Task to complete |
Set down exactly the lines in the records below that run from the line with "يک تن از مجروحان" to the line with "ГносеологияОснова познания чувственный", inclusive, and nothing more.

Supplied material |
------------------------------------

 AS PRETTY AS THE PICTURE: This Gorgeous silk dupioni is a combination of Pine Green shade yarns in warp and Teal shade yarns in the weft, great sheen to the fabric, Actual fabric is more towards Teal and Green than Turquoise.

------------------------------------

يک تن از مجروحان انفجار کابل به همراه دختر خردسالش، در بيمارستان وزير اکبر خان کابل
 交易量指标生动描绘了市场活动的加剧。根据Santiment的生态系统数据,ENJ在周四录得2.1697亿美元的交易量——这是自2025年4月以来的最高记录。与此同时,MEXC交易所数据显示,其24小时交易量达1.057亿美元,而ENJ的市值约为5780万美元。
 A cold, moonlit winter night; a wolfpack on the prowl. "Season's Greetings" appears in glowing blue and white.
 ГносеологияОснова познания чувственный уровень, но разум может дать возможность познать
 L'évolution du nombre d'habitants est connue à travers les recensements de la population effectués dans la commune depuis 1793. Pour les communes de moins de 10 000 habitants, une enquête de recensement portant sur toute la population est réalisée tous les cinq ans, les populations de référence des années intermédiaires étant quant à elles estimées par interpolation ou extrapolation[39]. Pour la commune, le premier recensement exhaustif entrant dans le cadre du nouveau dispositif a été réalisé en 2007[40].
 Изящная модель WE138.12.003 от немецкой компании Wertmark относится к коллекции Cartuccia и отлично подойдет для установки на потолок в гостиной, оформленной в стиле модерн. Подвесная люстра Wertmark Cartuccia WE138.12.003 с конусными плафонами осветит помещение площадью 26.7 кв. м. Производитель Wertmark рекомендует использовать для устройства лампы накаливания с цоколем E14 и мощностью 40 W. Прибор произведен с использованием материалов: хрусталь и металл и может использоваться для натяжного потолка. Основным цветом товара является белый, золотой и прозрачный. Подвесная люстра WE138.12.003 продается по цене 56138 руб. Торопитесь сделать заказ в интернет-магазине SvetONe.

------------------------------------

Result |
يک تن از مجروحان انفجار کابل به همراه دختر خردسالش، در بيمارستان وزير اکبر خان کابل
 交易量指标生动描绘了市场活动的加剧。根据Santiment的生态系统数据,ENJ在周四录得2.1697亿美元的交易量——这是自2025年4月以来的最高记录。与此同时,MEXC交易所数据显示,其24小时交易量达1.057亿美元,而ENJ的市值约为5780万美元。
 A cold, moonlit winter night; a wolfpack on the prowl. "Season's Greetings" appears in glowing blue and white.
 ГносеологияОснова познания чувственный уровень, но разум может дать возможность познать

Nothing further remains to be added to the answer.